The band released their debut self-titled album in 1994, featuring cover versions of twelve Irish folk songs. Among the covers appeared the songs "The Wild Rover", "The Irish Rover", "Weela Weela Walya", "All For Me Grog", "Poor Old Dicey Riley", football chant "A Grand Old Team", and others. The album featured Viktorija Jevtić on vocals, Sava Đustibek on guitar, Predrag Guculj on bass guitar and Lusila Gluščević on flute. The band presented the album on a series of concerts, mainly in Belgrade's Club of Technical Sciences Students. The band also had acoustic sets in chamber arrangement. At the same time, the band started writing their own songs, keeping up with the existing musical style. On September 15, 1995, at Synagogue in Novi Sad, they held a performance with the band Pachamama, which performed Latin American music. The recording of the concert was released on the split live album Muzičke paralele (Musical Parallels) in 1996.

For the next album, The Celts Strike Again, the band, beside the cover versions of traditional songs, included two of their own songs, "Drinking Song" and "Blue". As guests on the album appeared actress Ana Sofrenović who did vocals on the track "Loch Lomond", vocalist of the band Vampiri Aleksandar Eraković, who did backing vocals, member of the band Stočari Branko Vitas, who played banjo, Pachamama member Miljan Mihaljčić, who played khene and thin whistle, and Renesansa member Žorž Grujić, who played zurla and Serbian bagpipes. Three promotional videos were recorded for the album, for "Drinking Song", "Star Of The County Down" and the title track. In 1997, the band, with jazz and world music singer Madame Piano, recorded the song "Galija" ("Galley"), which was released on her album Predeli (Landscapes). At the time, the band presented their new member, Dejan Popin (tin whistles), and started working on their new release. In September 1998, the band represented FR Yugoslavia on the GEA ethnic music festival in Salonica.

Green Roses, released in 1999, featured sixteen songs, half of which were covers of traditional songs, and the other half their original songs. The album was produced by Aleksandar Radosavljević, and as guests appeared Dragoljub Marković (keyboards), Aleksandar Eraković (keyboards) and Goran Stojković (backing vocals).
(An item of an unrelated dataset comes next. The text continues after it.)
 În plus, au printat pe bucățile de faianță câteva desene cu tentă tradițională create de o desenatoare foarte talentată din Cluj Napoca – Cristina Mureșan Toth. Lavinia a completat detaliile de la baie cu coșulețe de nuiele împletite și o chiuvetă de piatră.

Promotional videos were recorded for the tracks "Rocky Road to Dublin / Down The River", "Merry Sisters", "Far Away", and the title track. In 2000, the band performed across Serbia on the protest rallies against the regime of Slobodan Milošević.

2000s
In 2001, Metropolis Records re-released Orthodox Celts debut album on CD, and as bonus tracks appeared the songs from the live album Muzičke paralele. The following year, the band released their fourth studio album, A Moment Like the Longest Day. The album featured songs written by Đokić (who also sang lead vocals on "Can You Get Me Out?"), Petrović, new bass guitarist Dejan Grujić (formerly of Čutura i Oblaci and Ruž) and Colette Ioanniduoi. The album featured only one traditional cover, "Humors Of Scariff". Block Out leader Nikola Vranjković produced the album, and the band moved to a more rock-oriented sound than on the previous releases. Promotional video was recorded only for the title track. In 2002, Orthodox Celts performed on the Exit festival alongside Shane MacGowan, and Petrović appeared on the stage with MacGowan performing "The Irish Rover" with him.
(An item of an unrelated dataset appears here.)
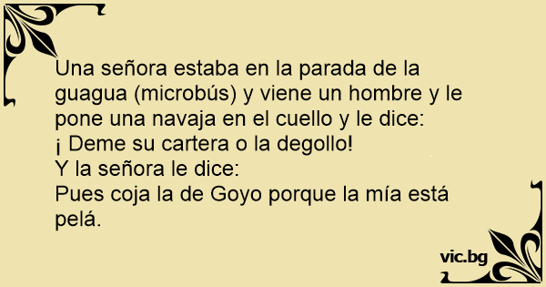 Una señora estaba en la parada de la guagua (microbús) y viene un hombre y le pone una navaja en el cuello y le dice:

In 2007, the band released their fifth studio album, One, Two... Five, through Automatik records. The album, produced by Nikola Vranjković, brought eleven songs, two of which are covers of traditional songs, and one of them being a cover of the Thin Lizzy song "Sarah". Unlike the band's previous releases, for which most of the band's songs were composed by Ana Đokić, songs for One, Two... Five were composed mostly by Dejan Lalić. In 2009, Đokić left Orthodox Celts, and was replaced by Nikola Stanojević.

2010s
In the early 2010s, Bojan Petrović, leader of the Celtic rock band Irish Stew of Sindidun, joined Orthodox Celts, playing whistles and singing backing vocals, continuing to front his own band. In March 2012, the band held their traditional Saint Patrick's Day's day tour, including two 20th anniversary celebration concerts at the Students' Cultural Centre in Belgarade, one being an unplugged set for a limited number of visitors, and the other a standard tour set. On July 12, 2013, the band performed on the Music in the Park Stage on the 47th Montreux Jazz Festival. In May 2016, Bojan Petrović left Orthodox Celts and in June 2016 Dragan Gnjatović came to his place.
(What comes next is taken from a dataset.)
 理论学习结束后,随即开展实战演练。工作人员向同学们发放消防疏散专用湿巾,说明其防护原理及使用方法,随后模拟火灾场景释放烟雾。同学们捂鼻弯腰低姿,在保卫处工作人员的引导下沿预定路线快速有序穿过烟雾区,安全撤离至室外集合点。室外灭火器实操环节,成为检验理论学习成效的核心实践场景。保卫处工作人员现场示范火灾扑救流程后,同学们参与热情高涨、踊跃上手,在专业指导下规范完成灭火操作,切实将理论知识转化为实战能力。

On January 13, 2017, the band released their latest studio album, Many Mouths Shut!, previously announced by singles "Save Me", released in March 2014, and "One / Milk & Honey", released in March 2015. The album featured seven songs authored by the band and six covers of traditional Irish songs. It was produced by Dejan Lalić and released through the band's own label, O'Celts Records. The album artwork was designed by Italian comic book artist Walter Venturi. In 2018, the band performed in Ireland for the first time, in the club Fibber Magees in Dublin. In June 2020, the band, in cooperation with the Gvint brewery, launched their own brand of beer, Orthodox Celts Irish Red Lager.

Legacy
In 2021 the band's album Green Roses was polled 57th and the album A Moment Like the Longest Day was polled 91st on the list of 100 Best Serbian Albums Since the Breakup of SFR Yugoslavia. The list was published in the book Kako (ni)je propao rokenrol u Srbiji (How Rock 'n' Roll in Serbia (Didn't) Came to an End).

Members

Current members
Aleksandar Petrović - vocals (1993–present)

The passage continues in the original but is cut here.